Sorry for the essay :blush:


No apologies necessary :slight_smile:

This is 100% true.

There are values and ideals and practices that I personally remember Tom, Jonas and others talking about back in 2016 when we were still less than 50 people in one office, that are still in place today as we approach 1000 staff. It’s incredible that we’ve managed to maintain that company culture as we grow.
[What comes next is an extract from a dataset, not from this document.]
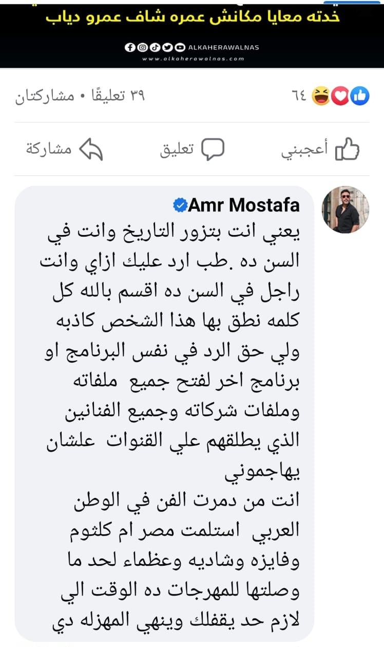 ورد عمرو مصطفى على هذا التصريح، فقال: يعني أنت بتزور التاريخ وأنت في السن ده.. طب أرد عليك إزاي وأنت راجل في السن ده، أقسم بالله كل كلمة نطق بها هذا الشخص كاذبة.. ولي حق الرد في نفس البرنامج أو برنامج آخر لفتح جميع ملفاته وملفات شركاته وجميع الفنانين الذي يطلقهم على القنوات علشان يهاجموني أنت مَن دمرت الفن في الوطن العربي، استلمت مصر أم كلثوم وفايزة وشادية وعظماء لحد ما وصلتها للمهرجانات.. ده الوقت اللي لازم حد يقف لك وينهي المهزلة دي.
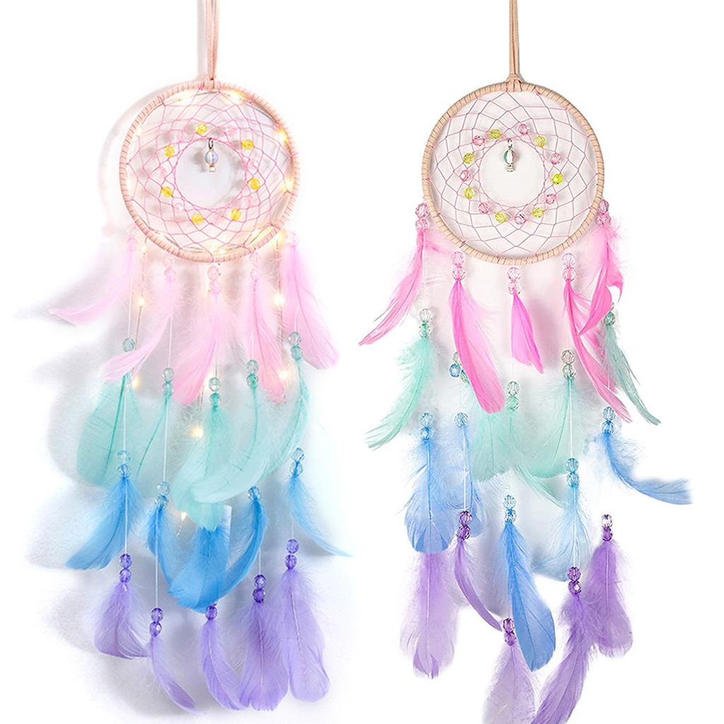 Dream Catcher Wall Decor Pink Feather Dreamcather Star Moon Wall Hanging for Girls Kids Bedroom Decor Birthday Christmas Gifts

It’s why I personally don’t worry about the incumbents (or other fintechs, for that matter) building this or that feature that compares to something we are doing. Ultimately, our progress, our journey, the amazing amount of goodwill and support that people give us all comes from our culture. There’s a real drive within this company to make things that help people, and to do that fairly and transparently. We aren’t just creating utilitarian services that look good on paper - we believe in financial mindfulness through delight and things you actually want to use :blush:



Wasn’t everyone on this forum clambering to sign up to Bulb a while ago? Didn’t Monzo promote Bulb in–app? Didn’t Monzo also make a big deal out of the Marketplace being populated with companies that shared Monzo’s ethics?

1 Like

I may have also had a look at Monzo’s glass door just out of interest and it’s not bad at all :smile:


This was the main reason why I even bothered to post was Monzo talking up bulb and then it’s doing this

ehh I just recently switched to Bulb. Having left my previous job due to many reasons, one being the treatment of the staff that built the company etc. and now coming back to corporate world ethics are everything to me…

If you decide to switch again and need a referral code for Octopus, here’s one:

I worked here. The CEO shouted at people until they cried. From the glassdoor reviews it sounds like he is still very immature and mean.